#### RAW DATA
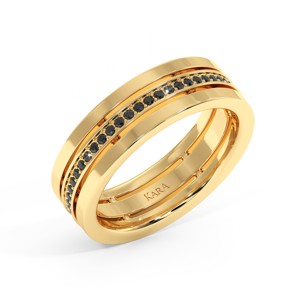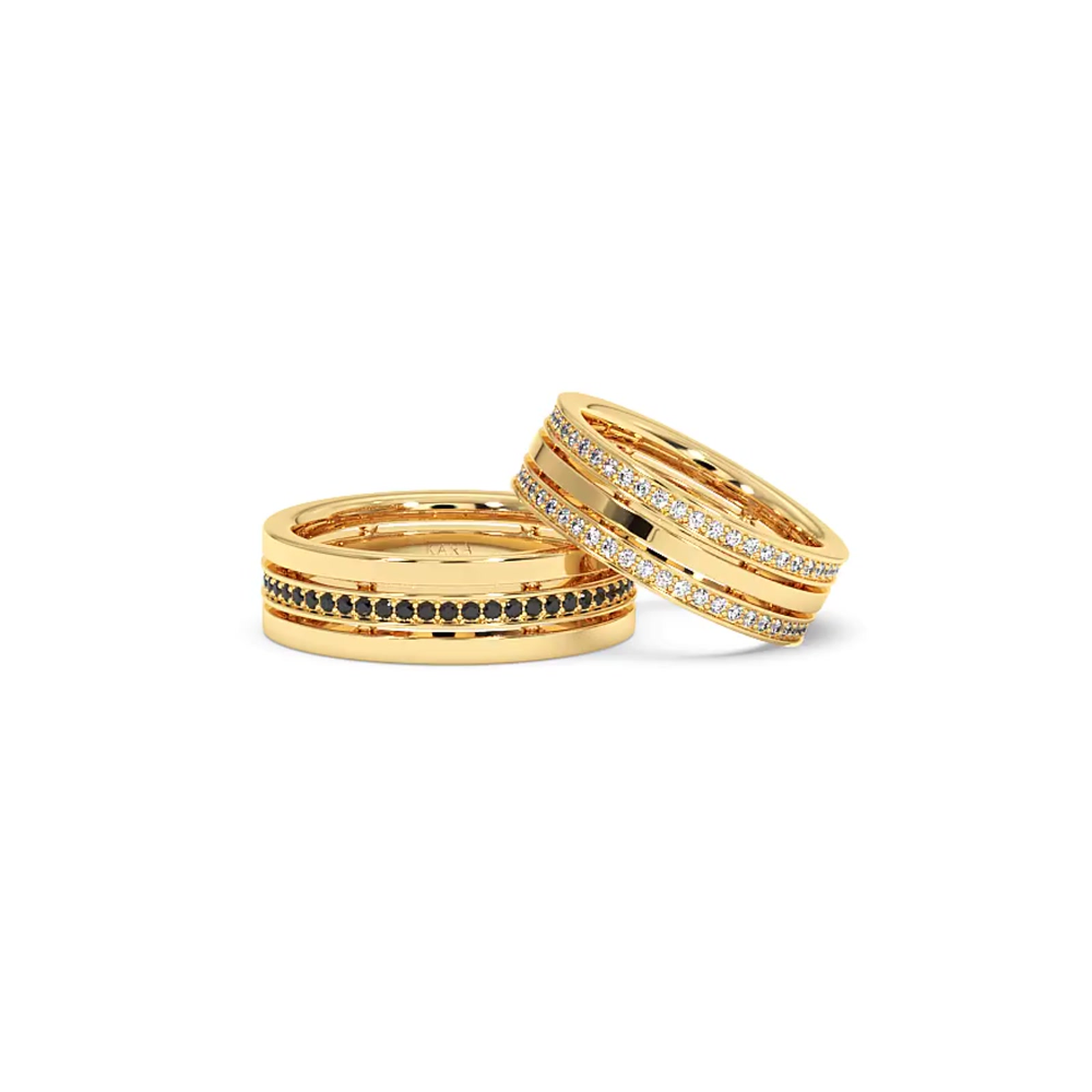 Verighete din aur de 14K cu Diamante Albe de 0.63ct si Diamante Negre de 0.43ct. Greutatea aproximativa este de 13.00gr/set. Latimea verighetelor este de 6mm.
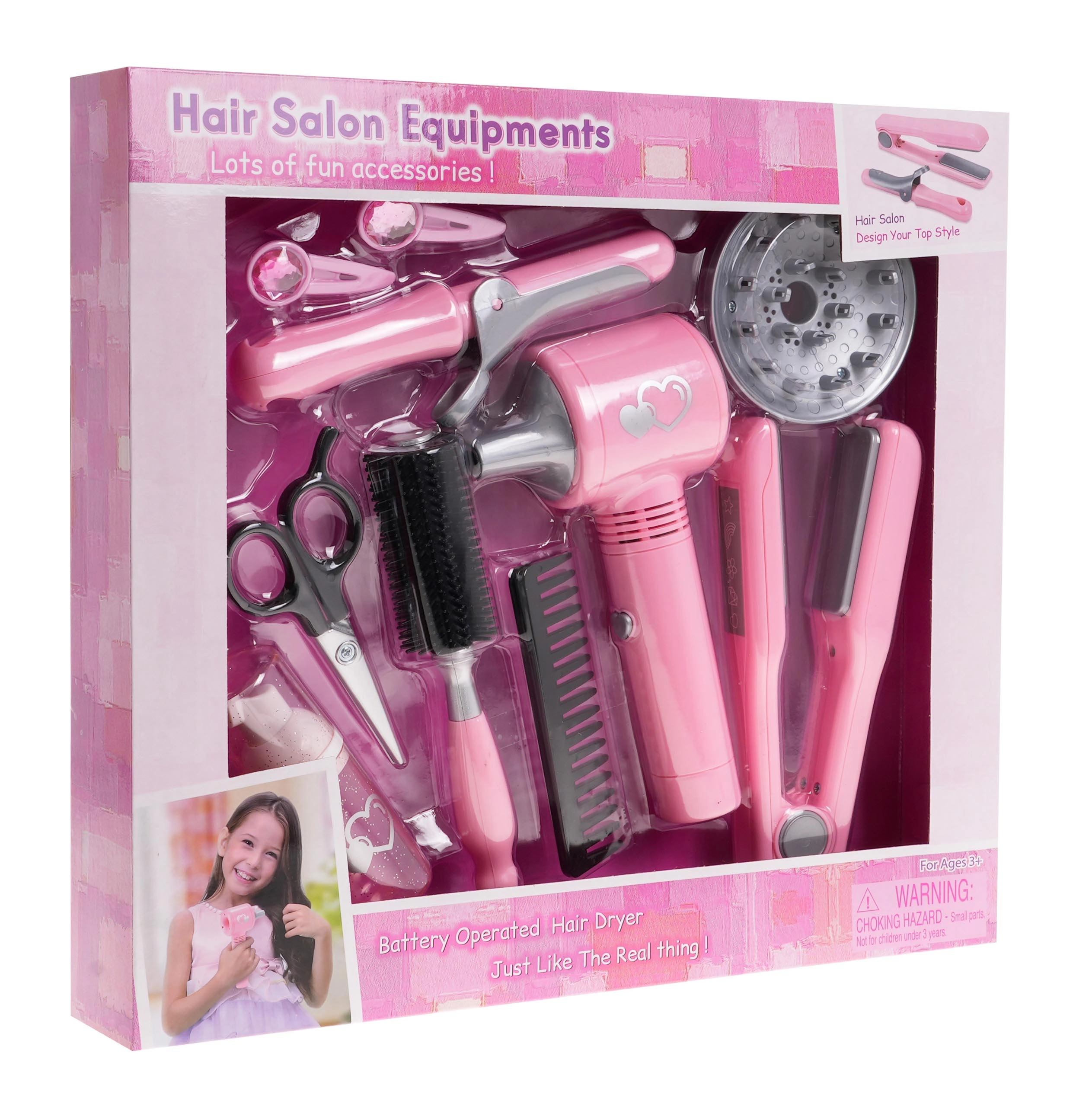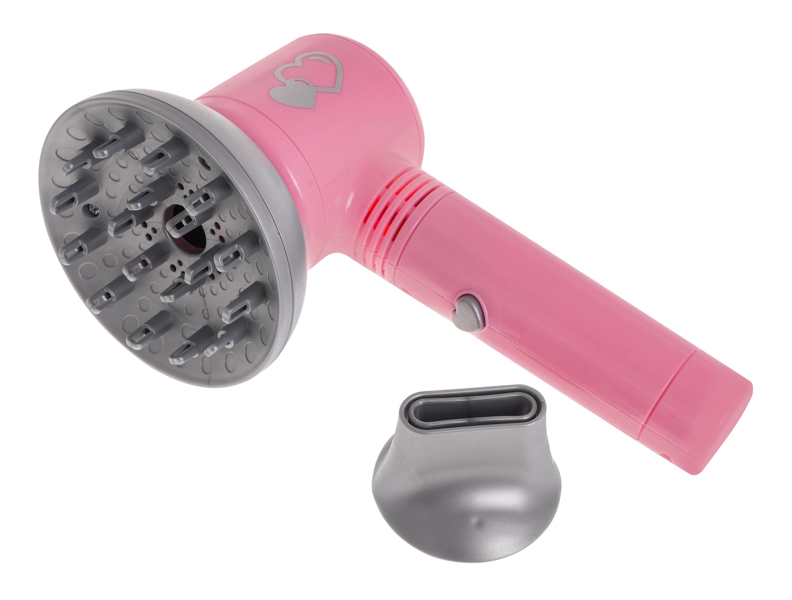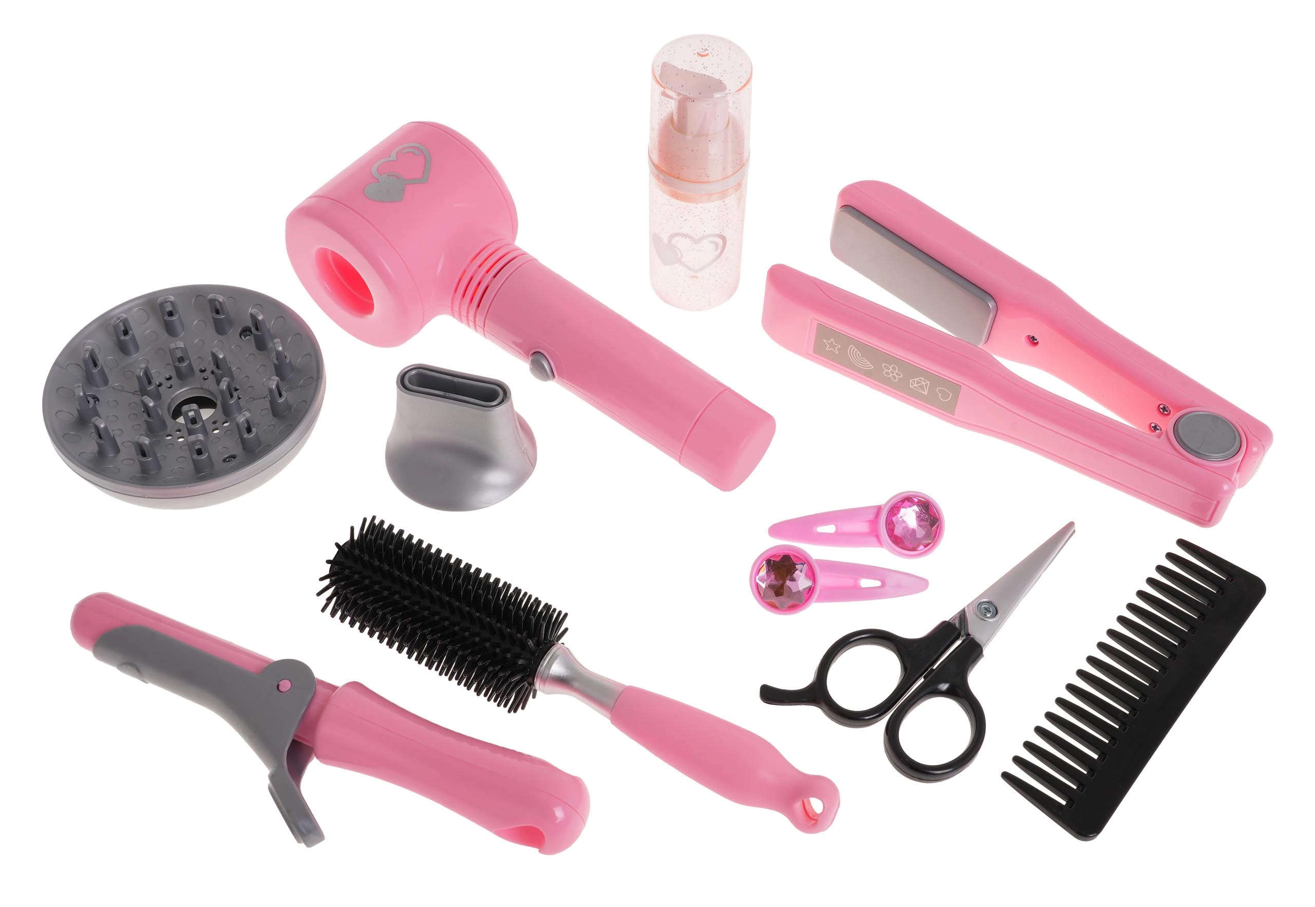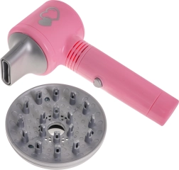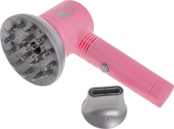 Otroški komplet frizerskih orodij vključuje vse, kar majhen frizer potrebuje za prve poskuse oblikovanja las. Sušilec poganjajo baterije in ponuja nežen pretok zraka, ki zvesto simulira pravo sušenje las. Vsebuje tudi dva zamenljiva nastavka - difuzor in koncentrator.
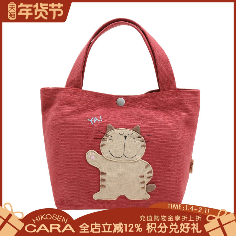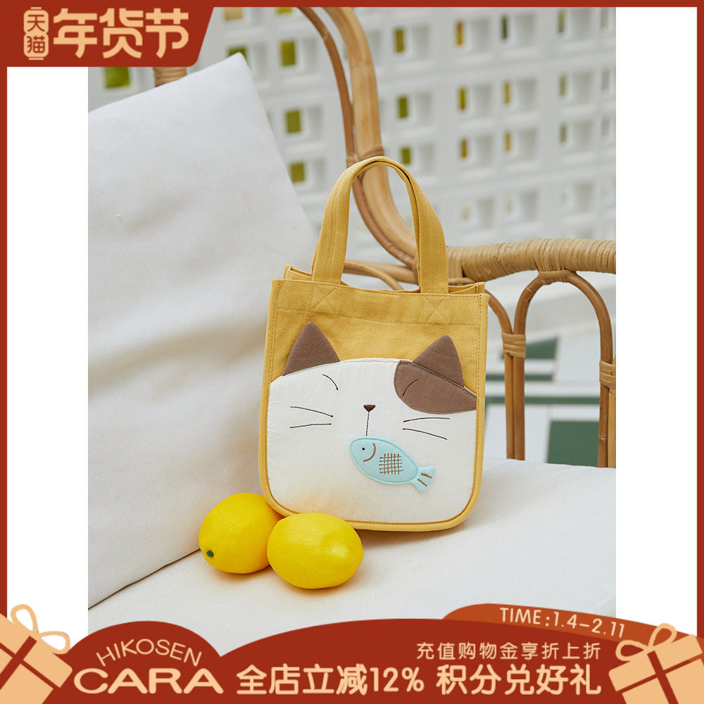 HIKOSEN CARA卡拉猫原创手工可爱帆布手拎手提包饭盒袋便当包布包
########
■ **DIRECTIONS**
Drop every picture from the data, then output all the rest exactly.

■ **OUTPUT**
 Verighete din aur de 14K cu Diamante Albe de 0.63ct si Diamante Negre de 0.43ct. Greutatea aproximativa este de 13.00gr/set. Latimea verighetelor este de 6mm.
 Otroški komplet frizerskih orodij vključuje vse, kar majhen frizer potrebuje za prve poskuse oblikovanja las. Sušilec poganjajo baterije in ponuja nežen pretok zraka, ki zvesto simulira pravo sušenje las. Vsebuje tudi dva zamenljiva nastavka - difuzor in koncentrator.
 HIKOSEN CARA卡拉猫原创手工可爱帆布手拎手提包饭盒袋便当包布包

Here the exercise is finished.